LISTED ENTRIES =
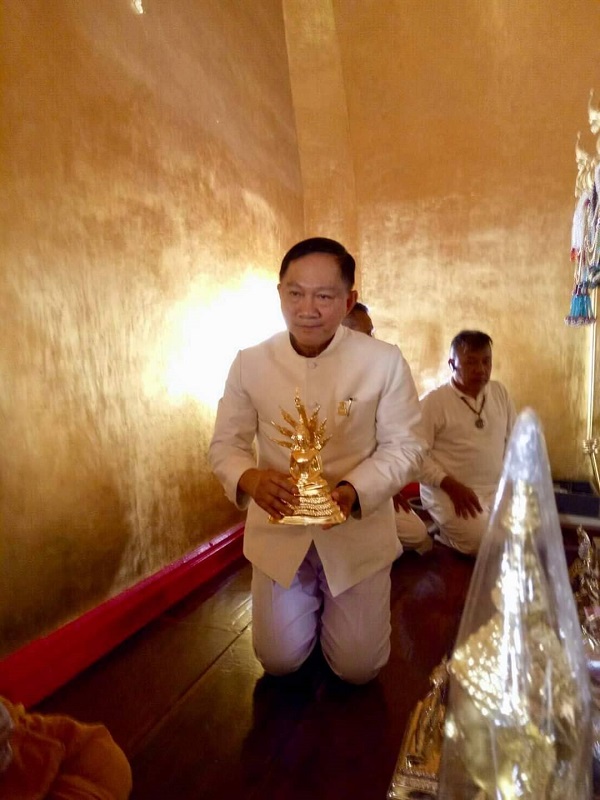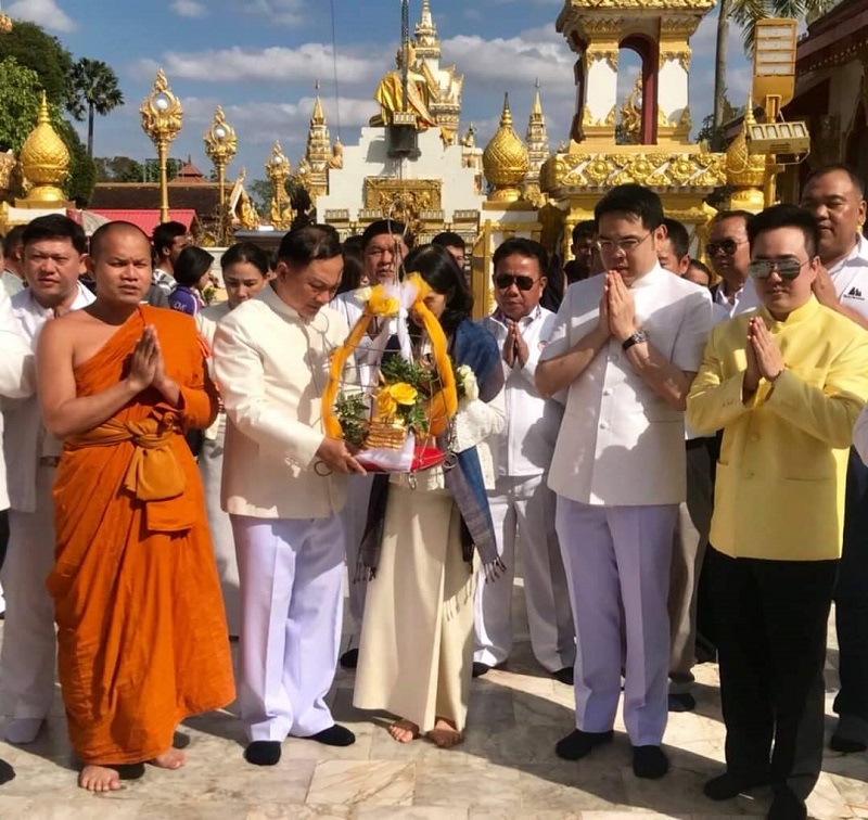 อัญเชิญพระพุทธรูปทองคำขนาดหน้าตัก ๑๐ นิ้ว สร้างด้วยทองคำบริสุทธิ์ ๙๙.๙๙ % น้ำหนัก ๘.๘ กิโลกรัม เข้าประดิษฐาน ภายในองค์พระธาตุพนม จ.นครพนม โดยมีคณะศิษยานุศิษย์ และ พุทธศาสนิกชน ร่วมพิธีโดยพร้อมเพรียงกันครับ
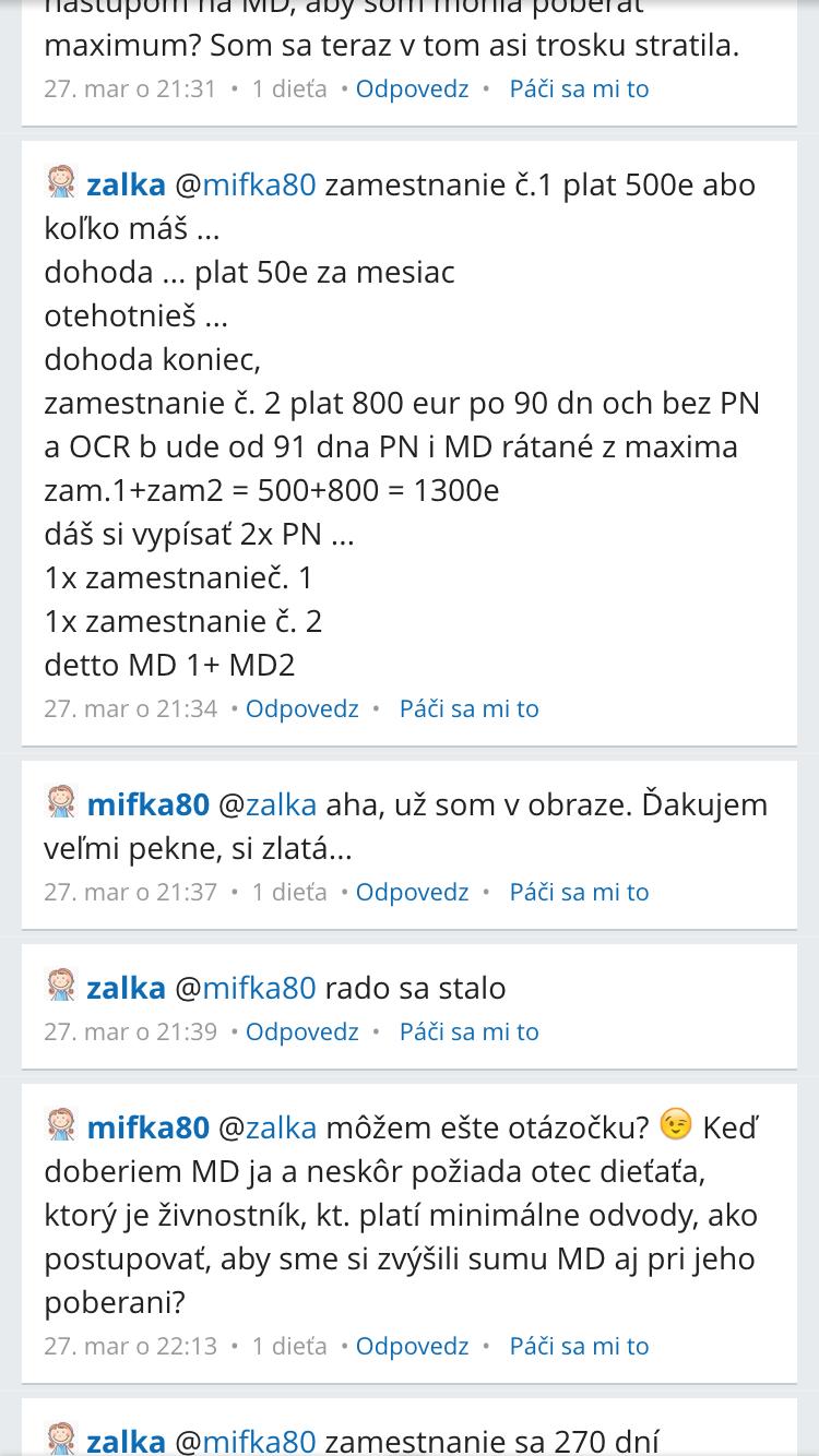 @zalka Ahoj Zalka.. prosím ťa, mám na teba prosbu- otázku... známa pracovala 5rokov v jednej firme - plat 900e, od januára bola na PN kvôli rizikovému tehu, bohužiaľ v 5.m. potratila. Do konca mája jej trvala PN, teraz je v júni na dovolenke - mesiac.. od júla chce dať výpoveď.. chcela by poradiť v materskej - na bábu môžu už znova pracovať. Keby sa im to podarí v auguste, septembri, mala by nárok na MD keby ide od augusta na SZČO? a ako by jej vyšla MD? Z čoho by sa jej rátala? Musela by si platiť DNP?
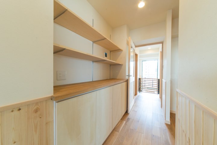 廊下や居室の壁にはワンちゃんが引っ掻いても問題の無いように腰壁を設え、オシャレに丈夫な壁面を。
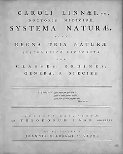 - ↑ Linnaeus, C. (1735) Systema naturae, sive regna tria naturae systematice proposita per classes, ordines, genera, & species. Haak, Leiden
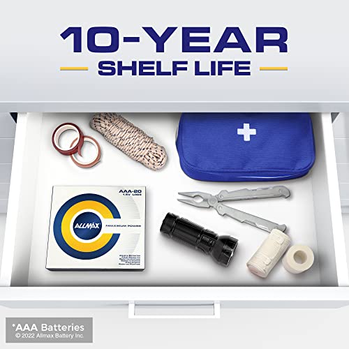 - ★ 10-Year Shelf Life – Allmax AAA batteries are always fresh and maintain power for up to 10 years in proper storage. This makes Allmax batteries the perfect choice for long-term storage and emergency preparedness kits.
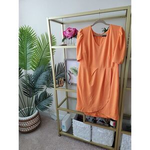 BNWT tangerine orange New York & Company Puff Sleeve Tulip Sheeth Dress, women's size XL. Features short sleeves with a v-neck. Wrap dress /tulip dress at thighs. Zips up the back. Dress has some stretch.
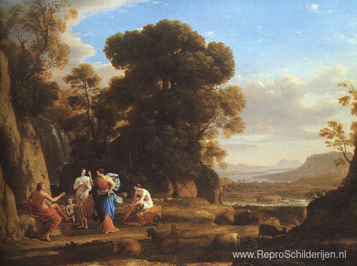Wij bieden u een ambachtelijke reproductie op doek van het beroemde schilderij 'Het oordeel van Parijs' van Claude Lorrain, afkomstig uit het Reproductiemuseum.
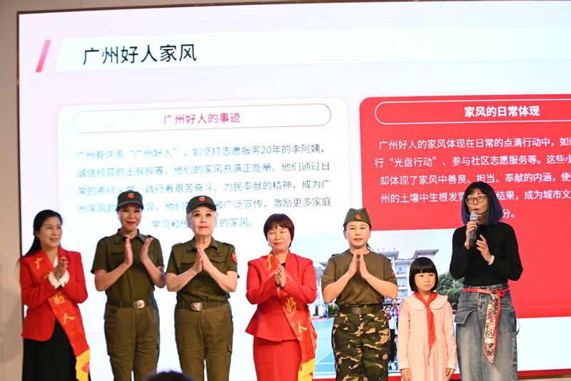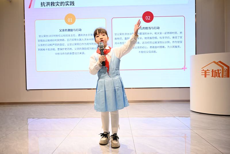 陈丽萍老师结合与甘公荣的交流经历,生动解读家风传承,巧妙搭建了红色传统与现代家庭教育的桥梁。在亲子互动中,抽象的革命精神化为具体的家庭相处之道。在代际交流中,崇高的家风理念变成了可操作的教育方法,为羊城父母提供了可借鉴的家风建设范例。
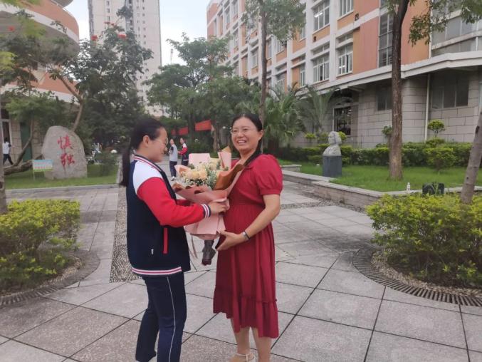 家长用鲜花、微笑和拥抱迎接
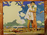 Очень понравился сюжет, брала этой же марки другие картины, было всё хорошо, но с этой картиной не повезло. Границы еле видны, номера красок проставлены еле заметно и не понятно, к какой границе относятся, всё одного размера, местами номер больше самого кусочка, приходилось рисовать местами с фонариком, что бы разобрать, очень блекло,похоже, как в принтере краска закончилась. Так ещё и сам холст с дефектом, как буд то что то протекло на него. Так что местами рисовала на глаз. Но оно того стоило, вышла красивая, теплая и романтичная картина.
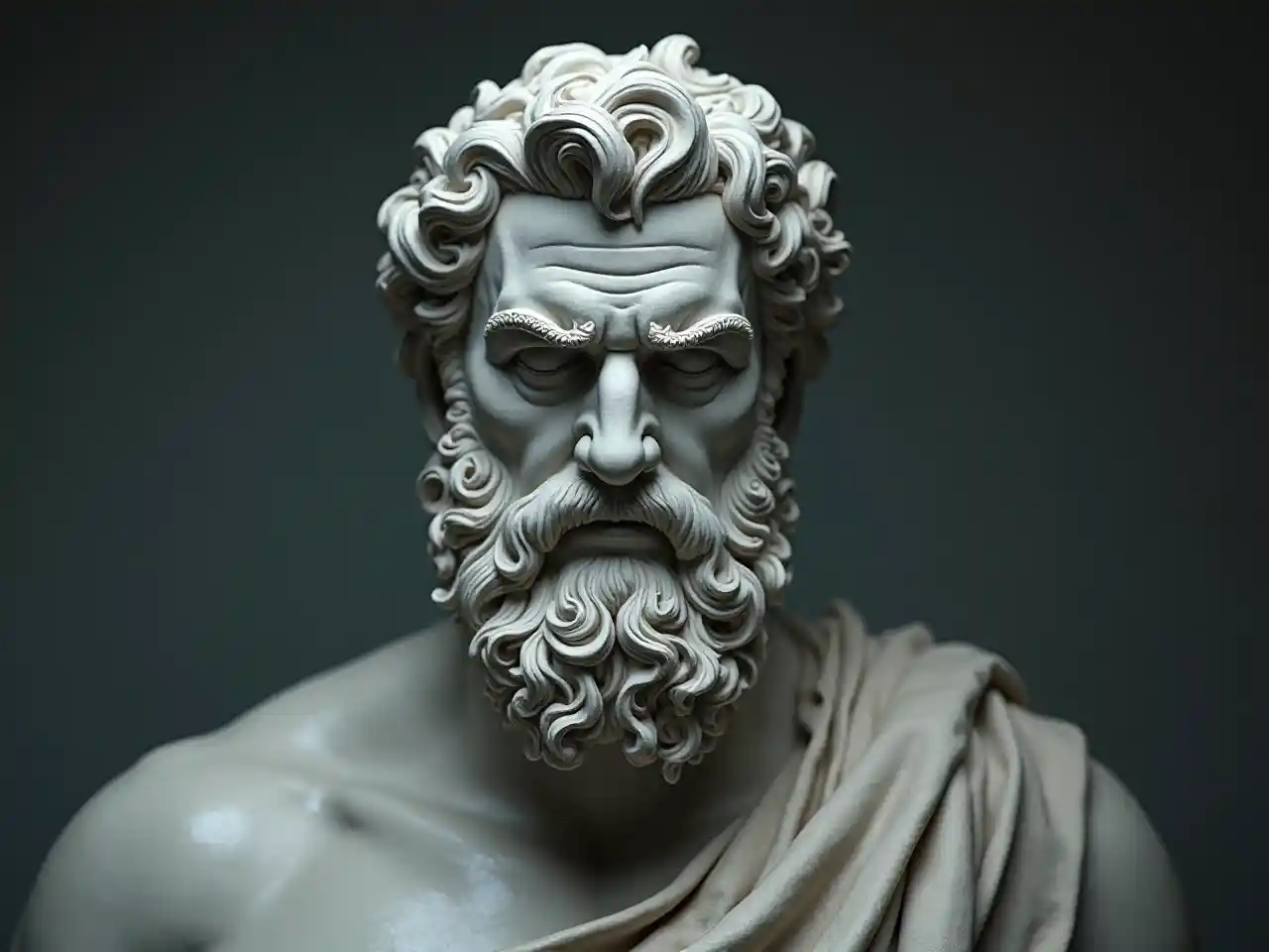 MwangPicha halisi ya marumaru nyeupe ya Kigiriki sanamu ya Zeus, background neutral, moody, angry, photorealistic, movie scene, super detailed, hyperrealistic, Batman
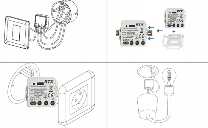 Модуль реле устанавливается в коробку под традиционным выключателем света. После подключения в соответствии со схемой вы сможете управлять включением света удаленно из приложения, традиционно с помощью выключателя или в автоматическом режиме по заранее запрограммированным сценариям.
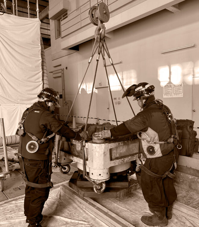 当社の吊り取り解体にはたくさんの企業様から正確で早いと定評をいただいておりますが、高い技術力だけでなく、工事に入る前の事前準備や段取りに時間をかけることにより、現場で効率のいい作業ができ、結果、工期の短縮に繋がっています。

ABOUT THIS TASK =
Everything in the data except the pictures needs to be written out exactly.

SOLUTION FOR THIS TASK =
 อัญเชิญพระพุทธรูปทองคำขนาดหน้าตัก ๑๐ นิ้ว สร้างด้วยทองคำบริสุทธิ์ ๙๙.๙๙ % น้ำหนัก ๘.๘ กิโลกรัม เข้าประดิษฐาน ภายในองค์พระธาตุพนม จ.นครพนม โดยมีคณะศิษยานุศิษย์ และ พุทธศาสนิกชน ร่วมพิธีโดยพร้อมเพรียงกันครับ
 @zalka Ahoj Zalka.. prosím ťa, mám na teba prosbu- otázku... známa pracovala 5rokov v jednej firme - plat 900e, od januára bola na PN kvôli rizikovému tehu, bohužiaľ v 5.m. potratila. Do konca mája jej trvala PN, teraz je v júni na dovolenke - mesiac.. od júla chce dať výpoveď.. chcela by poradiť v materskej - na bábu môžu už znova pracovať. Keby sa im to podarí v auguste, septembri, mala by nárok na MD keby ide od augusta na SZČO? a ako by jej vyšla MD? Z čoho by sa jej rátala? Musela by si platiť DNP?
 廊下や居室の壁にはワンちゃんが引っ掻いても問題の無いように腰壁を設え、オシャレに丈夫な壁面を。
 - ↑ Linnaeus, C. (1735) Systema naturae, sive regna tria naturae systematice proposita per classes, ordines, genera, & species. Haak, Leiden
 - ★ 10-Year Shelf Life – Allmax AAA batteries are always fresh and maintain power for up to 10 years in proper storage. This makes Allmax batteries the perfect choice for long-term storage and emergency preparedness kits.
 BNWT tangerine orange New York & Company Puff Sleeve Tulip Sheeth Dress, women's size XL. Features short sleeves with a v-neck. Wrap dress /tulip dress at thighs. Zips up the back. Dress has some stretch.
Wij bieden u een ambachtelijke reproductie op doek van het beroemde schilderij 'Het oordeel van Parijs' van Claude Lorrain, afkomstig uit het Reproductiemuseum.
 陈丽萍老师结合与甘公荣的交流经历,生动解读家风传承,巧妙搭建了红色传统与现代家庭教育的桥梁。在亲子互动中,抽象的革命精神化为具体的家庭相处之道。在代际交流中,崇高的家风理念变成了可操作的教育方法,为羊城父母提供了可借鉴的家风建设范例。
 家长用鲜花、微笑和拥抱迎接
 Очень понравился сюжет, брала этой же марки другие картины, было всё хорошо, но с этой картиной не повезло. Границы еле видны, номера красок проставлены еле заметно и не понятно, к какой границе относятся, всё одного размера, местами номер больше самого кусочка, приходилось рисовать местами с фонариком, что бы разобрать, очень блекло,похоже, как в принтере краска закончилась. Так ещё и сам холст с дефектом, как буд то что то протекло на него. Так что местами рисовала на глаз. Но оно того стоило, вышла красивая, теплая и романтичная картина.
 MwangPicha halisi ya marumaru nyeupe ya Kigiriki sanamu ya Zeus, background neutral, moody, angry, photorealistic, movie scene, super detailed, hyperrealistic, Batman
 Модуль реле устанавливается в коробку под традиционным выключателем света. После подключения в соответствии со схемой вы сможете управлять включением света удаленно из приложения, традиционно с помощью выключателя или в автоматическом режиме по заранее запрограммированным сценариям.
 当社の吊り取り解体にはたくさんの企業様から正確で早いと定評をいただいておりますが、高い技術力だけでなく、工事に入る前の事前準備や段取りに時間をかけることにより、現場で効率のいい作業ができ、結果、工期の短縮に繋がっています。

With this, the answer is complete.